Seul le député LFI Éric Coquerel reconnaît que les choses auraient été différentes si les messages postés par Quentin Deranque avaient été connus plus tôt.

  • « Si on avait eu connaissance de ça à ce moment-là, c’est clair que notre position n’aurait pas été d’y participer, dit-il. Est-ce que maintenant qu’on a toutes ces infos on le referait ? Ma réponse est non. On savait qu’il était dans un groupe d’extrême droite, mais on ne savait pas que c’était aussi prononcé et aussi ancré. Nous, on ne s’est pas précipités pour en faire un martyr. »

Déni et silence à l’extrême droite

Le président de la commission des finances de l’Assemblée dénonce « ceux qui ont participé à ce récit » à la gloire de Quentin Deranque. Il vise en particulier le député Rassemblement national (RN) Sébastien Chenu, qui, selon des propos rapportés par Mediacités, a affirmé lors d’un meeting :
« Il était des nôtres, parce qu’il était de notre tribu, celle des patriotes. »

Sollicité par Mediapart, l’élu d’extrême droite assure qu’« évidemment, si ces propos [tenus sur les réseaux par Quentin Deranque – ndlr] étaient avérés, écrits ou tenus, cela m’inviterait à totalement reconsidérer mes propos ».

Mais au sein du parti de Jordan Bardella, d’autres ont préféré balayer le sujet.

  • « Réponse aux gauchistes : non, sa mort n’est pas justifiée. Du reste, pas de preuves matérielles dans l’article. Et la Jeune Garde est une milice violente, intégrée à LFI, qui fait des ratonnades, jusqu’au meurtre », a notamment écrit sur X le député RN Matthias Renault dans la foulée de notre article.

L’eurodéputé RN Pierre-Romain Thionnet est quant à lui allé jusqu’à regretter auprès de Libération de ne pas avoir « davantage pointé […] la responsabilité de journalistes comme ceux de Mediapart ou leurs confrères aux méthodes antifascistes dans la mort de Quentin ».

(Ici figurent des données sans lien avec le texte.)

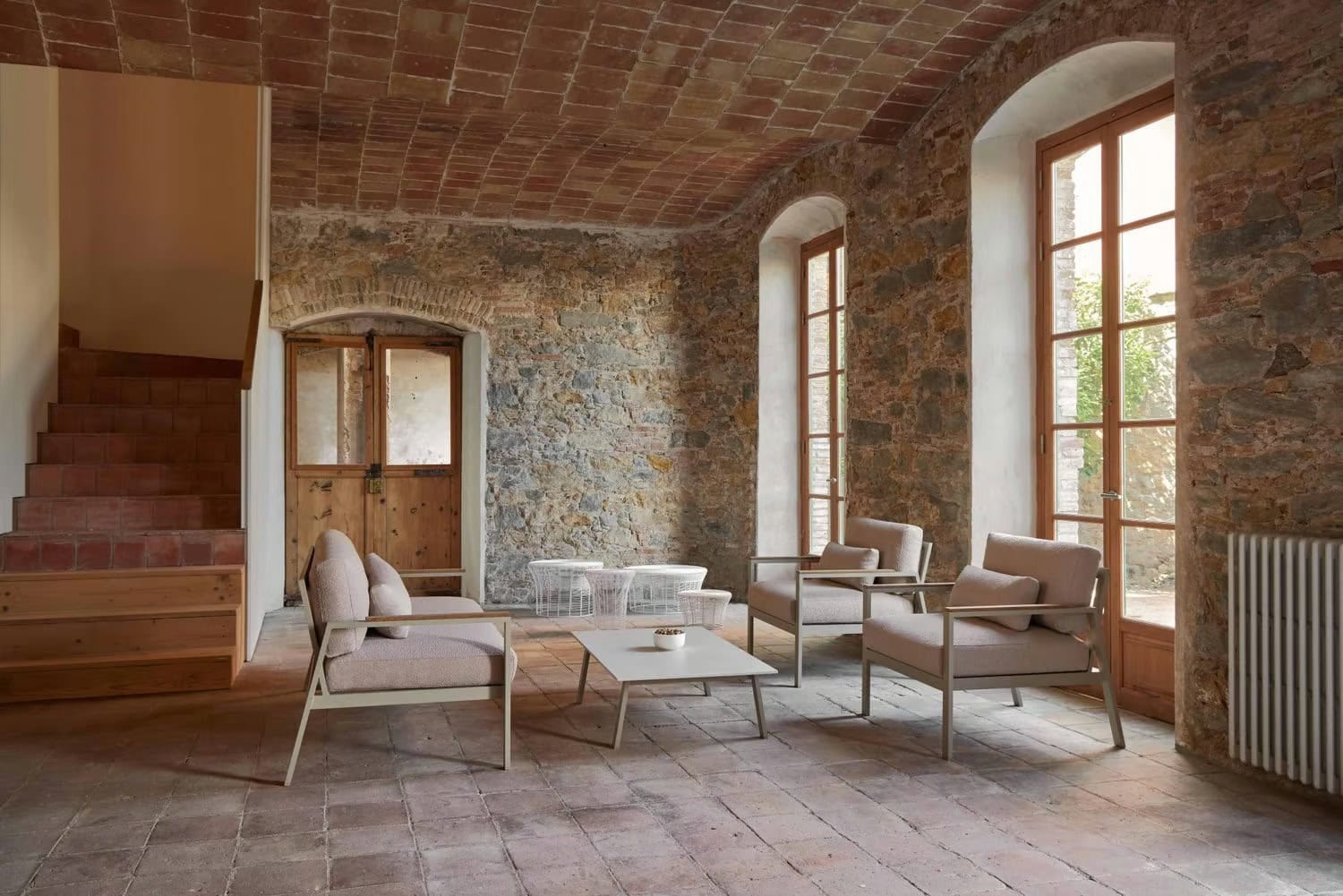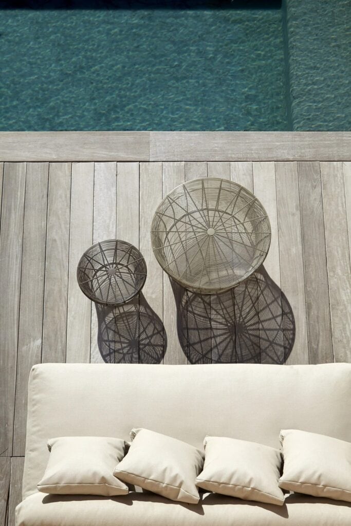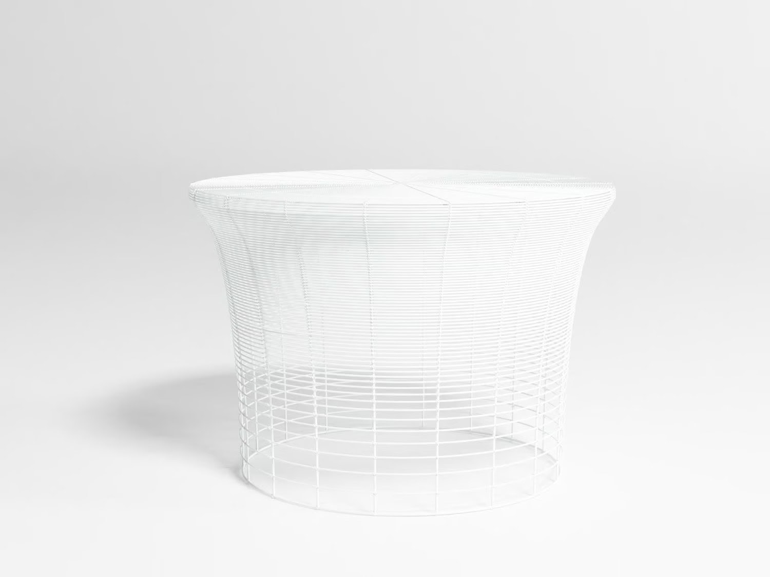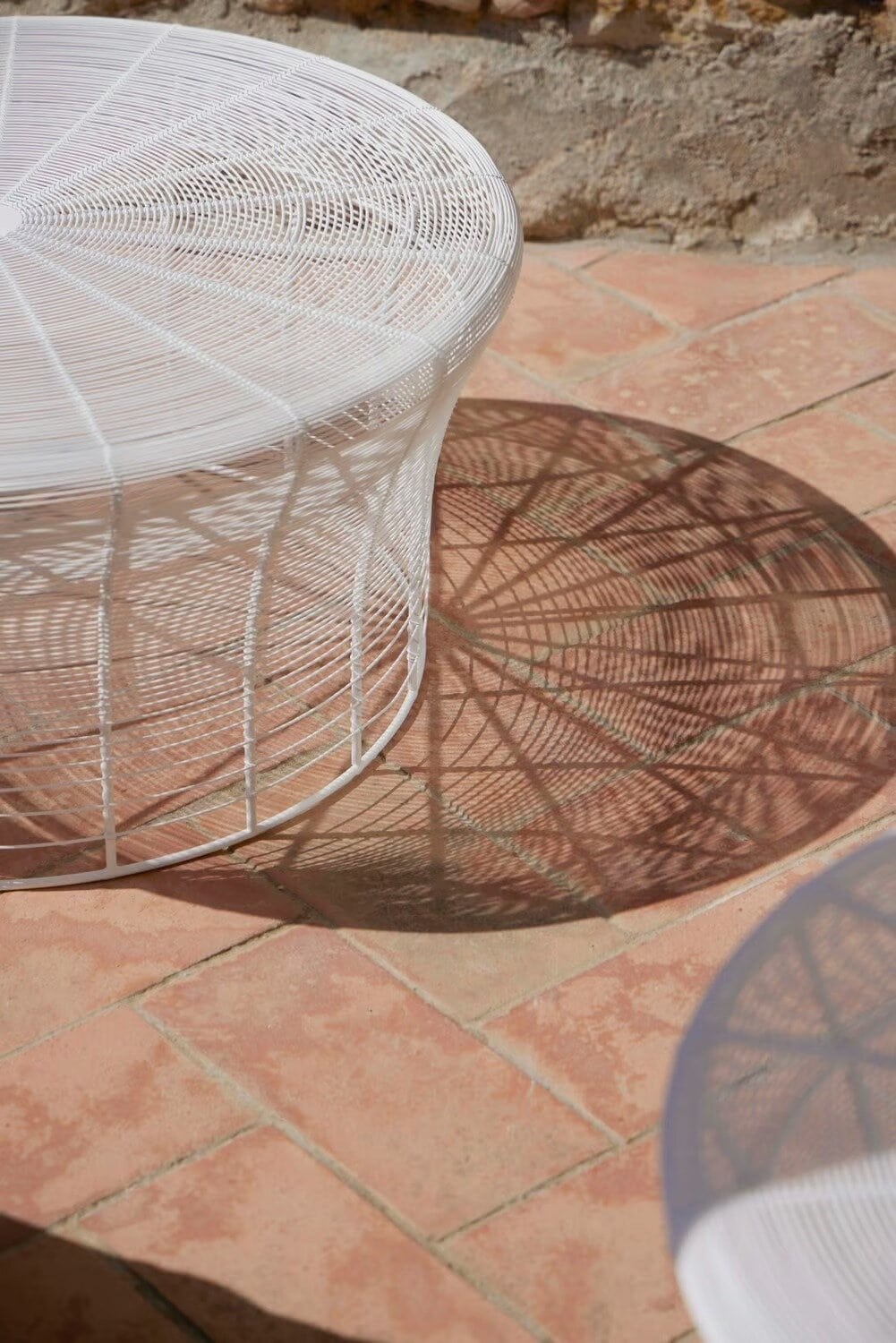 “Diese Kollektion von Hockern und Beistelltischen wird mittels der in Indien traditionellen Technik des Verflechten von Drähten rund um eine Struktur aus Metall hergestellt. Die zwischen den Drähten verbleibenden Zwischenräume werden schrittweise ausgedehnt, sodass ein Abstufungseffekt entsteht. Es handelt sich folglich um ein Design, das durch eine Änderung an einer schon vorhandenen Technik geschaffen wird.”

Également sollicité·es, ni Jordan Bardella, ni Marine Le Pen, ni leur allié Éric Ciotti n’ont répondu à nos questions. Pas plus que Laurent Wauquiez, qui avait lui aussi érigé Quentin Deranque en martyr, en le présentant comme « un fils qui est mort parce qu’il défendait ses idées, victime de la haine et de la barbarie ».

Le chef de file des député·es Droite républicaine (DR) est aussi à l’origine de l’affichage du portrait du militant d’extrême droite sur le bâtiment du conseil régional Auvergne-Rhône-Alpes.